Melasma.This is more specific than sun damage, and is caused by hormonal changes, including those from pregnancy, the oral contraceptive pill, and hormone replacement therapy (HRT) after menopause.
"Melasma or chloasma is partly due to a person's skin type, with a big component due to UVA and hormones, made worse with many oral contraceptives and pregnancy," said dermatologist Dr. John Sullivan. "Where melasma mainly affects the face [cheeks, nose, forehead and upper lip], the HRT-related one can be more the forearms or chest."
Acne.Unfortunately, if you have suffered from acne, you might also suffer from post-inflammatory hyperpigmentation. Occurring in areas where you've had breakouts, this skin discoloration is a side effect of the skin's healing process.
What are some hyperpigmentation treatments?
Look for products containing vitamin C in levels above 25 percent and vitamin A in the form of retinol (in varying percentages). Ideally, you would use a vitamin C serum during the day (followed by sunscreen) and a retinol product at night.

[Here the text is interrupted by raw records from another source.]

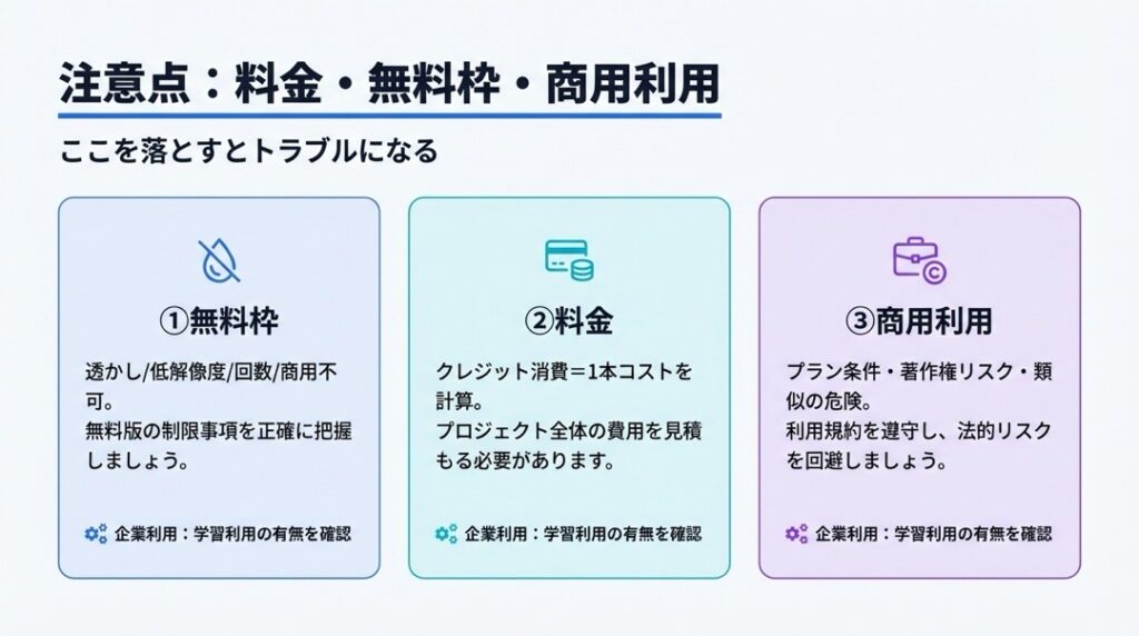 8. 注意点:動画生成AIの料金・無料枠・商用利用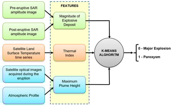 Workflow of the unsupervised classifier showing the transformation from satellite raw data to descriptive features that are then fed to the k-means algorithm. It provides a binary outcome, i.e., zero for Major Explosions and one for Paroxysms.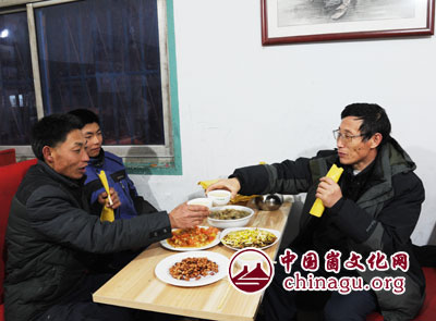 崮文化网 廉仕财是山东省蒙阴县岱崮镇大崮山上的养殖户,他今年饲养的百十头草猪全部卖出,我们真为他高兴。昨晚,在崮云间酒家相聚,向他表示庆贺。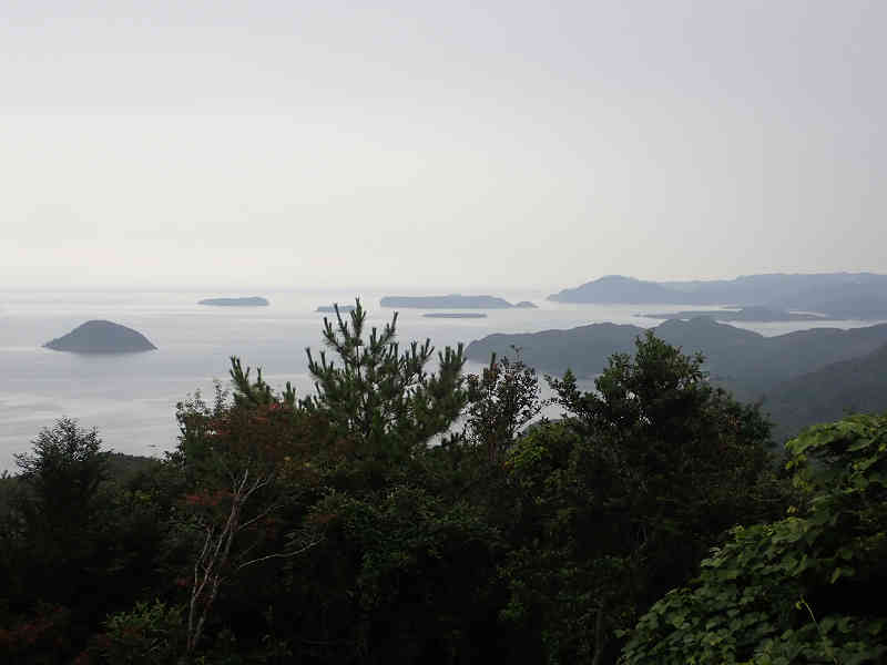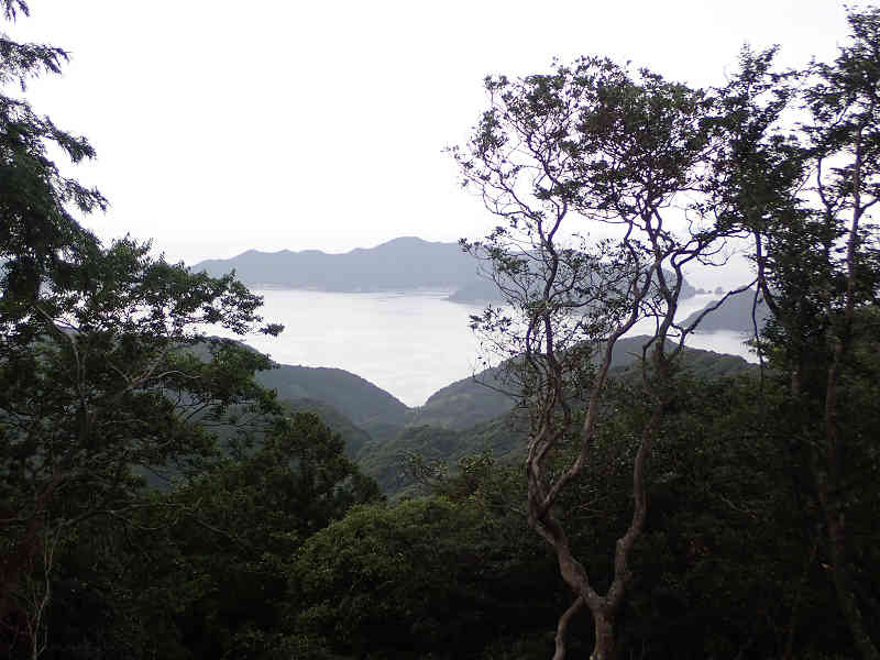 ツルの巻き付いた木を過ごし、周囲に竹の多い登山道を辿れば、突然前方が開けて高砂の山頂に着いた。ぼつりぼつり雨の降る山頂だが、萩方面の展望は前回の晴れたときよりも優れていた。

However, if you are pregnant, you are advised not to use any form of vitamin A and to check with your doctor first.
Chemical exfoliation using alpha hydroxy acids (such as lactic acid and glycolic acid) are also good to use to gently remove the top dead layers of skin and increase cell turnover.
In-salon options performed by a trained professional can also help treat hyperpigmentation.
"The best candidate for any sort of pigmentation treatment is someone with fair skin, as there's less chance of post-inflammatory hyperpigmentation (PIH)," said Natalie Abouchar, registered nurse and founder of the Privée Clinic in Sydney, Australia. "Darker skin types can still be treated, however the treatment they choose will need to be adjusted to suit their skin type."
Intense Pulsed Light (IPL).IPL uses broad-spectrum light to break down melanin pockets within the skin into smaller pieces, which are then removed by the body's natural lymphatic draining.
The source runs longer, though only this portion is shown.